Amazon (AMZN) Climbs to $249 on Multibillion-Dollar Corning Fiber Deal as AWS Reaccelerates to 28% — Analysts Eye $312
Amazon rose ~1.2% to around $249 after announcing a multiyear, multibillion-dollar optical fiber deal with Corning to power its US data centers, stabilizing after a pullback from its $279 52-week high | That's TradingNEWS
Key Points
- Amazon (AMZN) rose ~1.2% to ~$249 on a multiyear, multibillion-dollar Corning optical fiber deal for its US data centers, stabilizing after a pullback from its $279 high.
- Q1 2026 delivered $181.5B revenue (+17%), AWS at $37.6B (+28%, fastest in 15 quarters) with a $364B backlog, and the highest operating margin in company history.
- The stock trades at ~31x forward earnings near a three-year low; consensus target ~$312 (25% upside) with a $285-$350 range, while the $200B capex plan is the key debate.
Amazon (AMZN) is trading around $249 Monday, up roughly 1.2%, riding both the broad tech rebound and a headline of its own making. Before the open, Amazon announced a multiyear, multibillion-dollar agreement to buy optical fiber, cable, and connectivity solutions from Corning (GLW) to power and connect its rapidly expanding US data centers.
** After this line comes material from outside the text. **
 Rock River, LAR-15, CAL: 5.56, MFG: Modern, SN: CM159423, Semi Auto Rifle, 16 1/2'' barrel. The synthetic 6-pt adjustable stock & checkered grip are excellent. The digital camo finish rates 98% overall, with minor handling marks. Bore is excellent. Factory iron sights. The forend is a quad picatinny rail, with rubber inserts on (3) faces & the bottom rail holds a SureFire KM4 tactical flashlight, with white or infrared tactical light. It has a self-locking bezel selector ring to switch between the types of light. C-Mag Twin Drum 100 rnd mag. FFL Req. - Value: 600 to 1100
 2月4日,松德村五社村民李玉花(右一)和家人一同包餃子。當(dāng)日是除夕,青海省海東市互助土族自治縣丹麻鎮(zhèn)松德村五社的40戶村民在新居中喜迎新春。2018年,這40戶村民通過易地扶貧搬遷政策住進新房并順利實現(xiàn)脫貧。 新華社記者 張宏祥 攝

The deal sent Corning surging as much as 10%, while Amazon's own move was the steadier kind you'd expect from a $2.6 trillion company — a measured gain that nonetheless reinforced the single most important story around the stock: Amazon is spending unprecedented sums to build the physical backbone of artificial intelligence, and the market is trying to decide whether that spending pays off. The stock has pulled back from its 52-week high near $279 into the high $240s during the early-June tech correction, and Monday's bounce is the first sign of stabilization. The Corning deal doesn't move the needle on Amazon's financials directly, but it crystallizes the thesis the entire AMZN trade now hinges on.
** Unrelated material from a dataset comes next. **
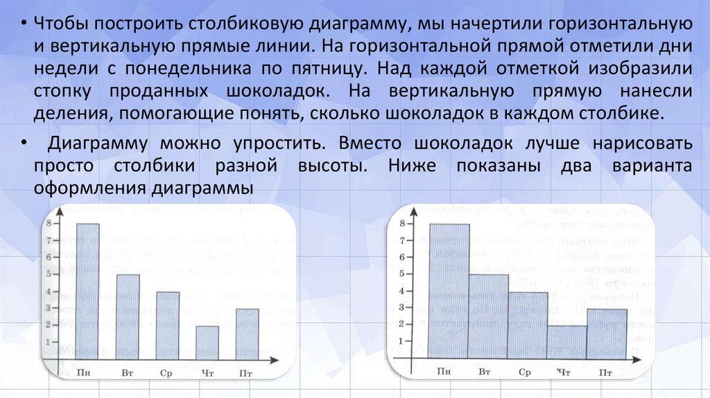 • Диаграмму можно упростить. Вместо шоколадок лучше нарисовать
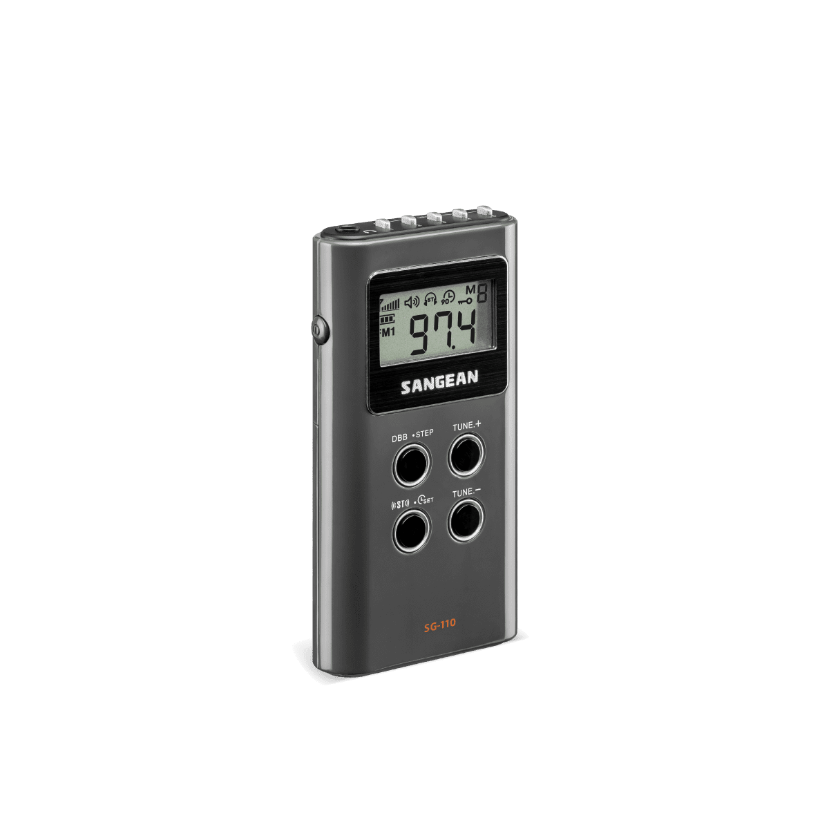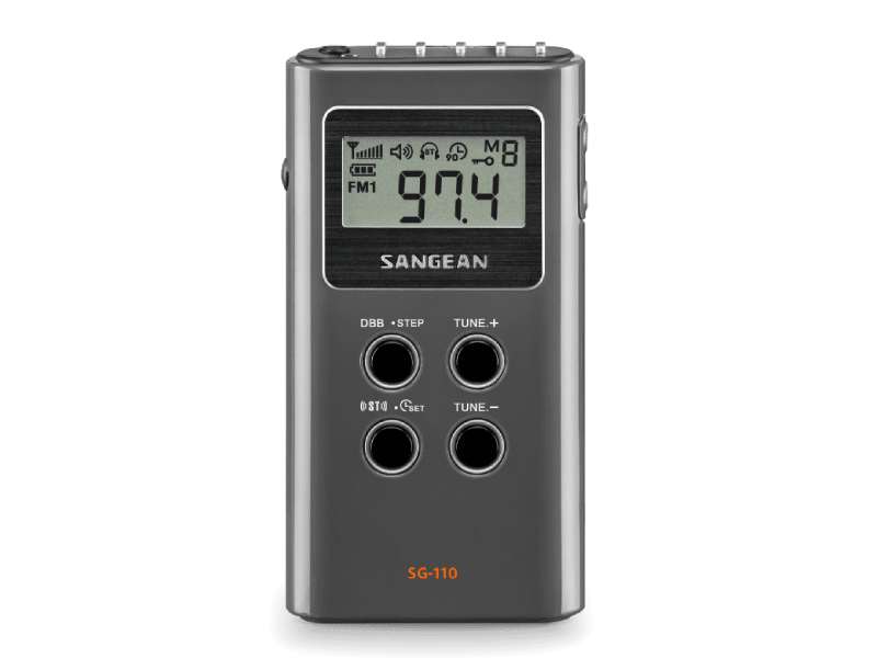 The SG-110 features 15 preset stations (5 AM / 10 FM), auto search, battery indicator, and turns off automatically after 90 minutes to conserve battery life.

Inside the Corning Deal: Buying the Plumbing of AI
The agreement is a textbook example of how the AI arms race is reshaping Amazon's capital priorities. Corning will supply the optical fiber and connectivity gear that links Amazon's data centers to the racks and chips inside them — the unglamorous but essential infrastructure that makes high-speed AI compute possible. Amazon is investing directly in expanding Corning's North Carolina manufacturing facilities, a move expected to create 1,000 new advanced manufacturing jobs plus hundreds of construction roles. It builds on Amazon's deep footprint in the state, where the company has invested more than $20 billion since 2010, employs over 26,000 people, and committed an additional $10 billion last year for new data centers. The strategic logic is clear: as AI workloads explode, the bottleneck isn't just chips, it's the connective tissue between them, and Amazon is locking up supply. Financial terms weren't disclosed, but the message to investors was loud — Amazon's data-center expansion is accelerating, not slowing, and it's willing to underwrite its own supply chain to keep pace.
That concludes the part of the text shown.